I believe both of these tunes were published in 1978. Bolcom's excellent old recording called Heliotrope Bouquet is out of print, but both these rags performed by the composer are on Bolcom's Complete Rags as well as various collections (Richard Dowling does a great job with Graceful Ghost).

Bolcom has also written what must be the funniest contemporary classical cabaret tune (faint praise, I know, but it's clever): Amor with lyrics by Arnold Weinstein.

Tuesday, December 01, 2009

What is this Watch Device?

Those are watches in there. But it's not a watch case.

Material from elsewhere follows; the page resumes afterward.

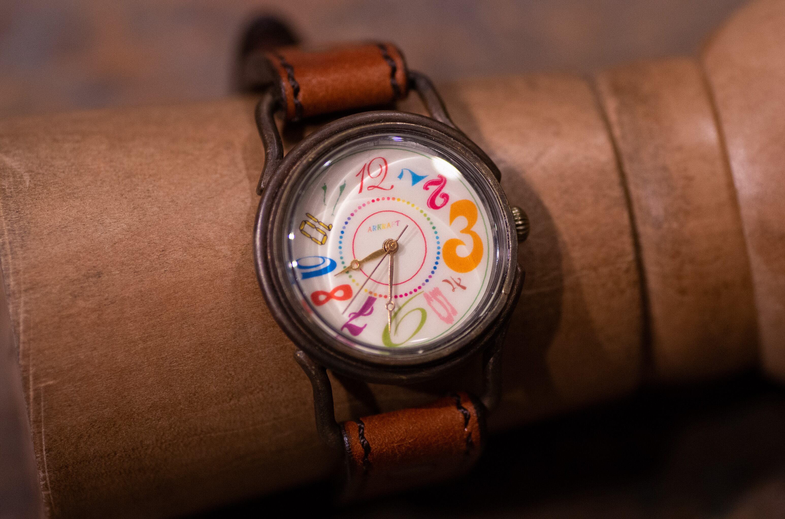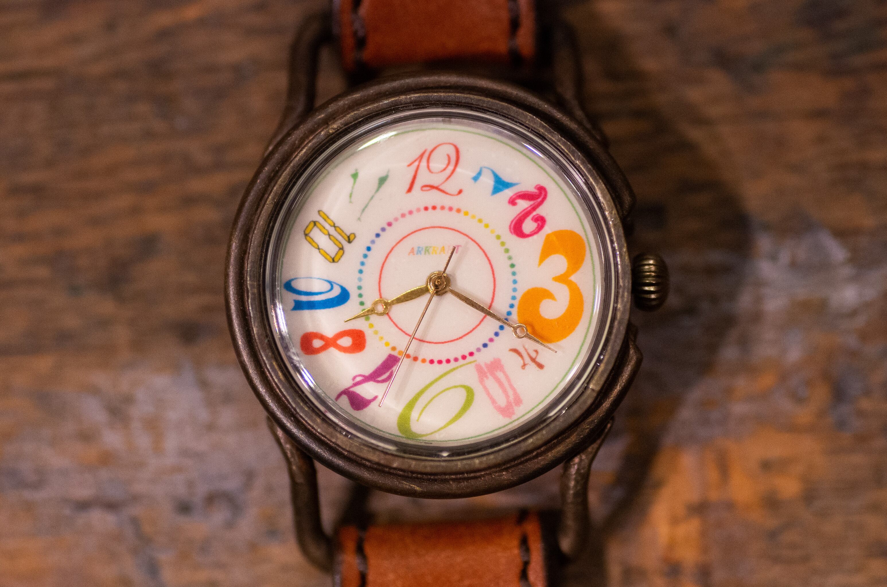 文字盤に角度、字体、文字サイズ、色のすべてをバラバラにした数字を使った個性的な作品です。

What is that contrivance pictured above? It's not, strictly speaking, a watch case. It costs about 3,000 dollars. Ideal Christmas present for some hateful person.

Give up?

It's a watchwinder. For those who have more than one of those very expensive watches that wind with arm motion. With this implment you can keep them wound, since setting the pricier models is extremely difficult if they run down. [I actually don't mind self-winding watches, at least the cheaper sort which are easily set. But this device isn't for those.]

I particularly enjoy the fact that the device has: "Lighted LED digital displays are provided for extremely accurate quartz-based 12-hour time (AM and PM) and the turns per day indicators...." While you won't have to set your watch as often, you will have to set the quartz-based LED-signalled timer of your watch winder.

I thought of it thanks to this disquisition, though the watch winder described there is a bit different -- and it sounds as though it's more comical. The writer has a larger point to make, and to me it was worth a read.